To date, when Ma retires from the domestic chores at night, we talk about her past in and around Mother Lodge. I can feel its distance and weight evident in the wrinkles of her skin and the detachment in her voice. Yet, each conversation reveals something intriguing and surreptitiously leads me into the deep recesses of her memory that nobody seems to have excavated before. I often jokingly accuse her of hiding her past but she says that I had never bothered to ask. I wonder how I became so indifferent towards my origins, heritage and land.
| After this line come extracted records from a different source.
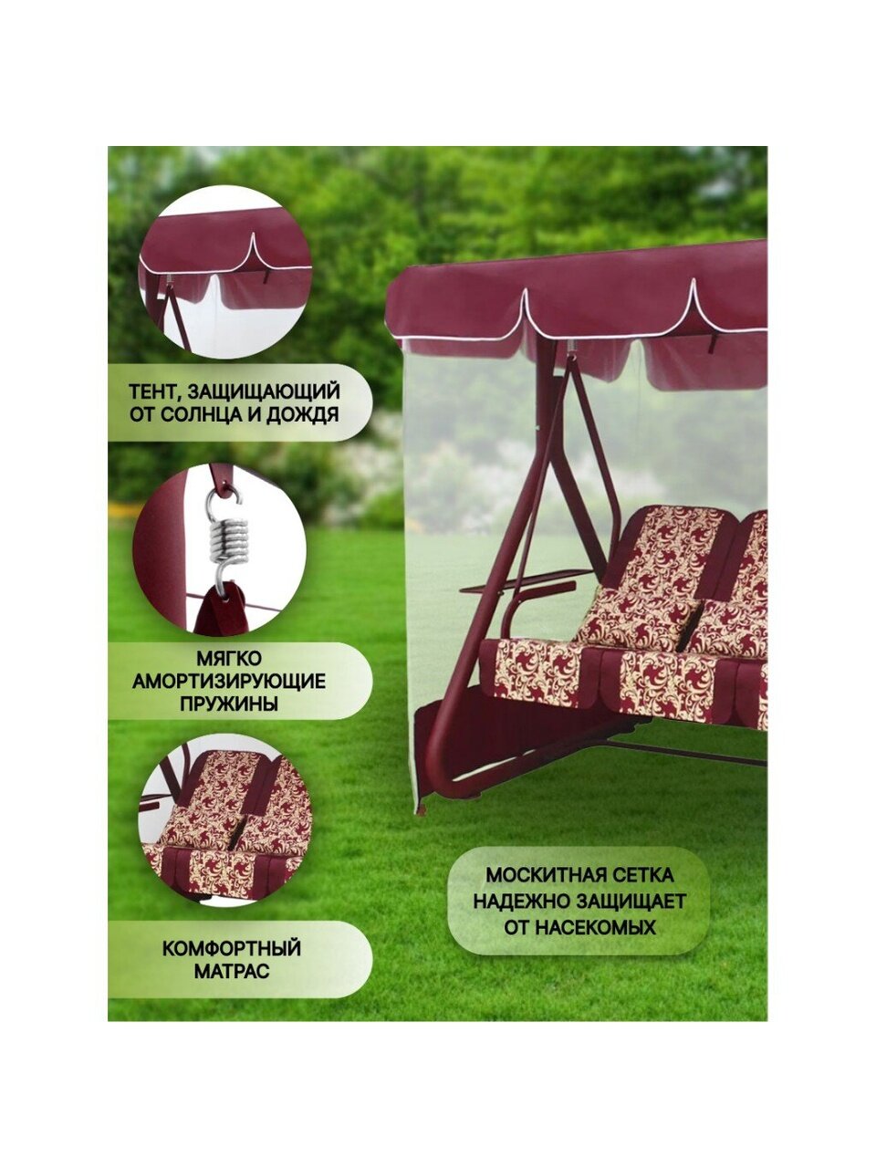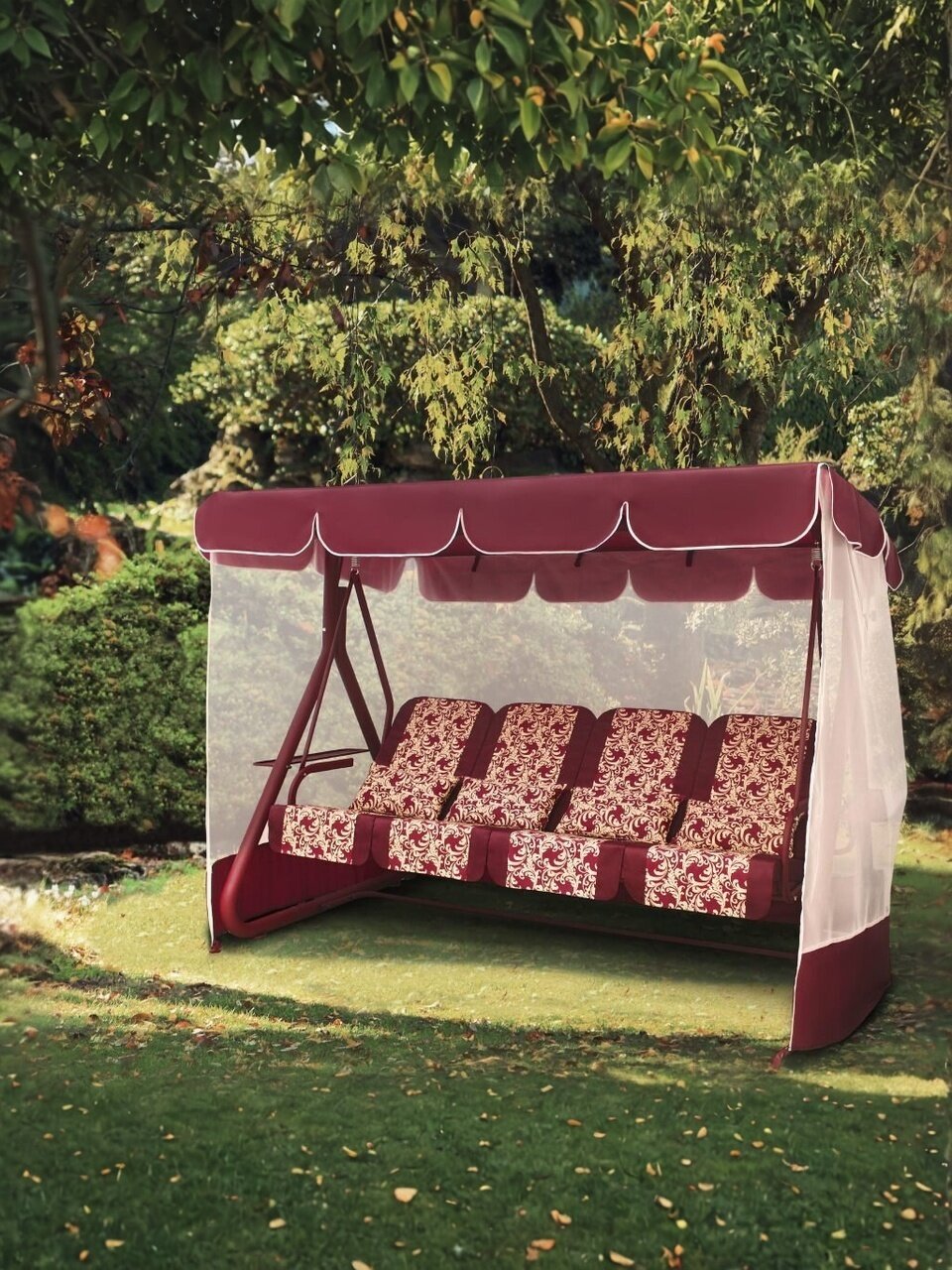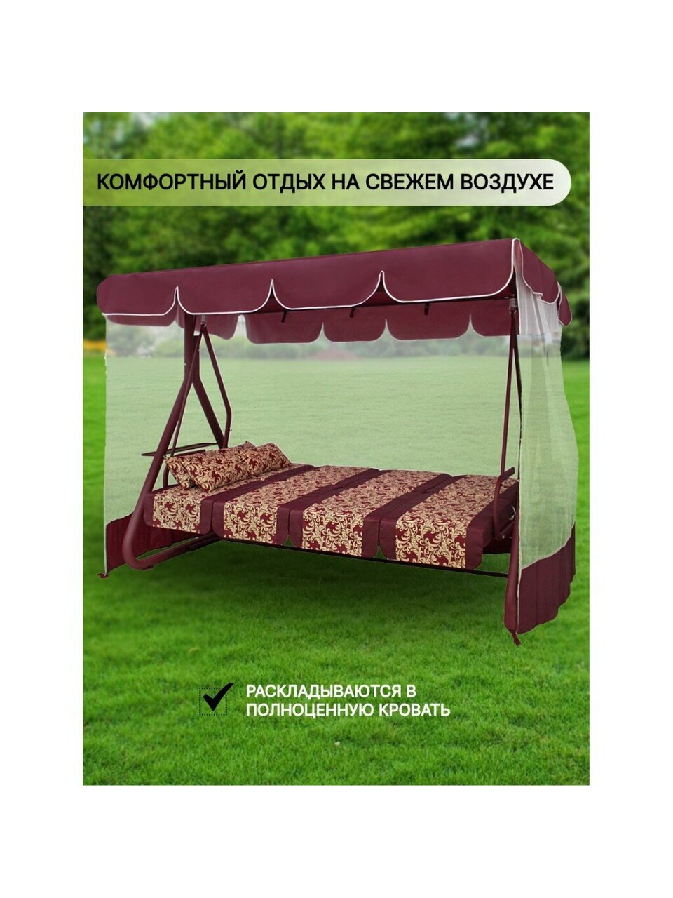 Садовые качели Дефа Люси впечатляют своей вместительностью и продуманностью конструкции. Они легко раскладываются в удобную кровать, позволяя вам расслабиться и насладиться отдыхом на свежем воздухе. Бордовый цвет придаст вашему саду изысканность и утонченность, а москитная сетка, идущая в комплекте, обеспечит защиту от назойливых насекомых в летние вечера.
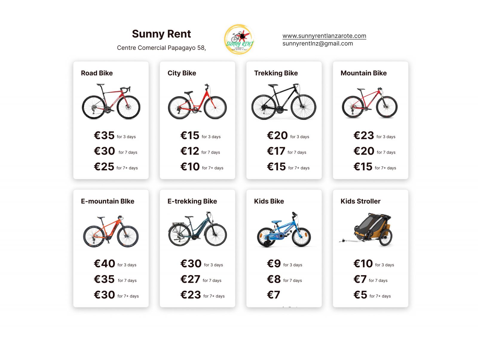 Aquí puede encontrar el listado de precios de nuestras bicicletas
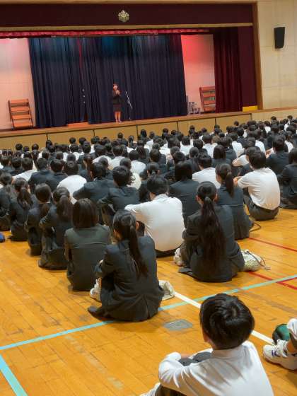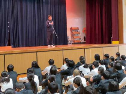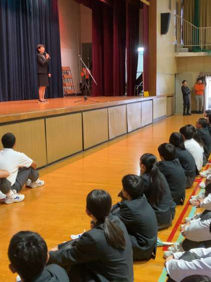 全校集会で、校長先生と生徒指導主事の先生から、いじめはいけないこと、いのちの尊さなどについてお話をしました。
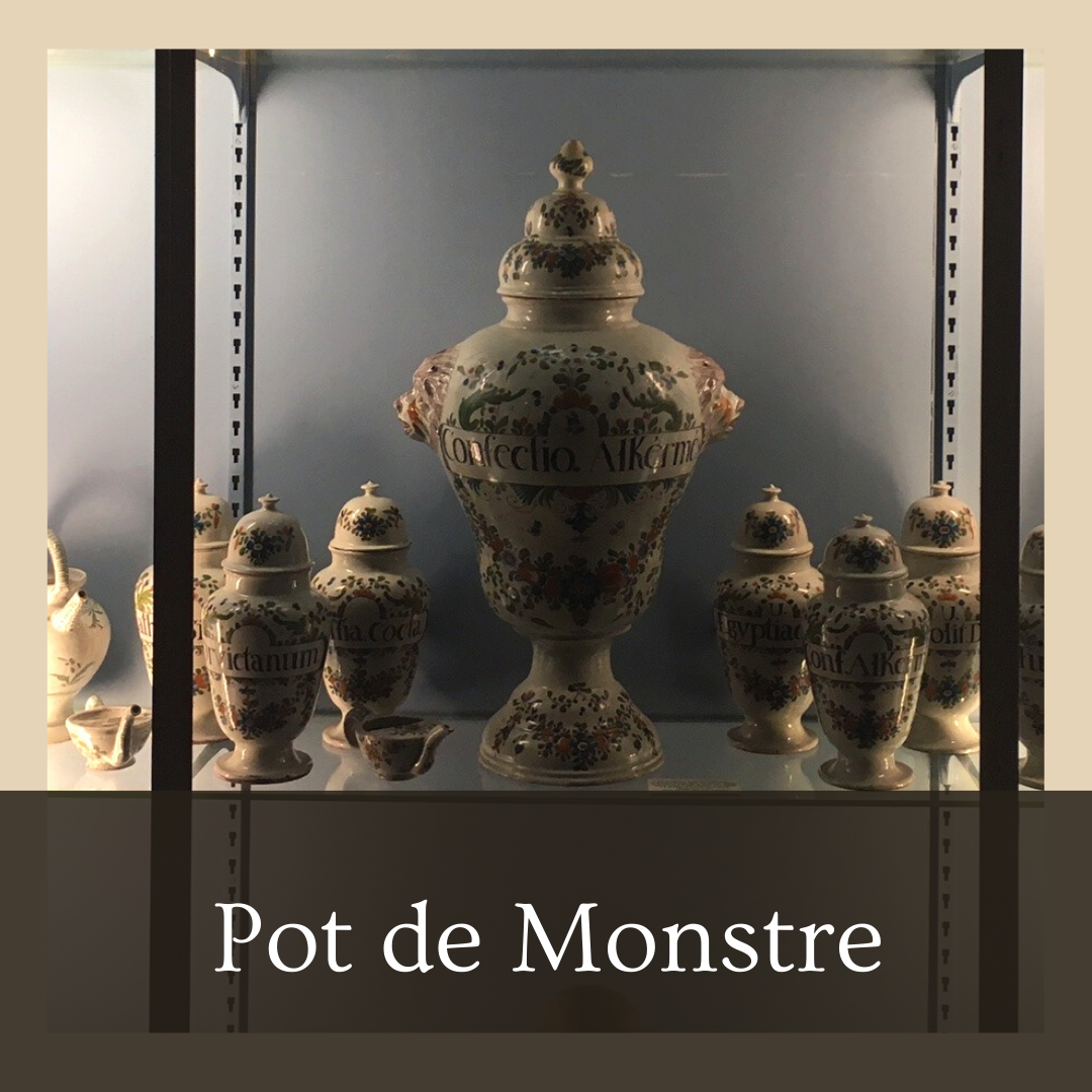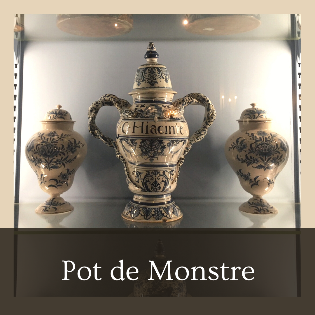 - Les pots de Monstre ou de monstrance (= montrer) sont des pots de grande contenance et des anses ou poignées (avec des trous pour passer des cordes) pour en faciliter la manipulation. On y conserve des produits importants, anciens et très chers. La décoration de ces pots est un symbole fort. C’est une preuve du goût et du professionnalisme de l’apothicaire.

Maybe, the hustle and bustle of life in a new town intensified the distance between me and Mother Lodge, effacing the attachment I once had for it, as a young girl.
That young girl’s notions of home and belonging get distorted when I coerce Ma to divulge more so that I can connect the dots. I recollect the details from our recent trip and feel alarmed by the degree of architectural transformation that has swept Mother Lodge. The baithak (semi-open sitting space) outside has repetitively been shifted, a goshala (cowshed) was added but is now used as a store room. Some rooms were once conjoined to function as my Mama’s (maternal uncle’s) N.G.O office and some walls are painted in bright colours. To my disappointment, the one-rupee coin stuck on the staircase tread, which my cousins and I were always preoccupied with, has finally been removed. Other than the native door and window shutters and the peculiar smell of the home, what Ma describes is entirely different from what I recently saw. A heightened sense of displacement tells me that all of us have moved on in our lives. The home, too. And, I have no alternative other than being content with my limited childhood memories, and how the home has remained afloat in everyday conversations, social media and logistical correspondence.
Maybe my efforts to mine Ma’s memory and reclaim the old Mother Lodge are futile. Maybe home is supposed to be a jigsaw puzzle with a few pieces always missing. And the journey of losing and finding them is what life is all about.
The new baithak on the extreme left, 2023.
Courtesy of Author.
Ma’s identity card during her graduation term, Katihar, 1981.
Courtesy of Nutan Sinha.
‘Sh’ and ‘Sa’
Not finding more such pieces hasn’t deterred me from looking for more. Up until a few years ago, my parents’ linguistic oddities—the fact that they couldn’t pronounce certain letters like I (do), used to embarrass me for a split second, earlier. Especially when they pronounce my brother’s name as ‘Bisaal’ and not ‘Vishal’ and ‘pijja’ instead of pizza. However, I don’t feel embarrassed anymore, cognisant as I am of my multicultural roots while recognising that there’s always more to them than meets the eye. I now overhear their phone conversations in Angika—our native dialect—with great pride and curiosity. These epiphanies are how I’m learning to make sense of my multicultural identity and fractured relationship with Bihar, coming to terms with the fact that although our homes have changed, our sentiments for them remain shared and profound.
In these intimate conversations with Ma, I have discovered facets of her existence that would have otherwise remained concealed in our fast-paced, mundane lives. In our newfound friendship, there is an assurance that even though I can never truly find Mother Lodge, I can always gather its fragments, archive and remember it in novel ways. Perhaps, while searching for my mother’s home, I have become more closely attuned to my spirit and body—my first home.
These new rituals of reflection, the familiar sight of the cemented floors, and the distinct, timeless smell lingering in Mother Lodge have all helped me rediscover my notions of home in 2023.
Courtesy of Author.
About The Author
Rini Rayna is a researcher, writer, editor and creative strategist working at the crossroads of media, ecology and culture. She has written for independent publications and creative agencies, approaching her work through an interdisciplinary lens, while seeking to understand how objects, bodies, rituals, borders and migration shape personal and collective histories.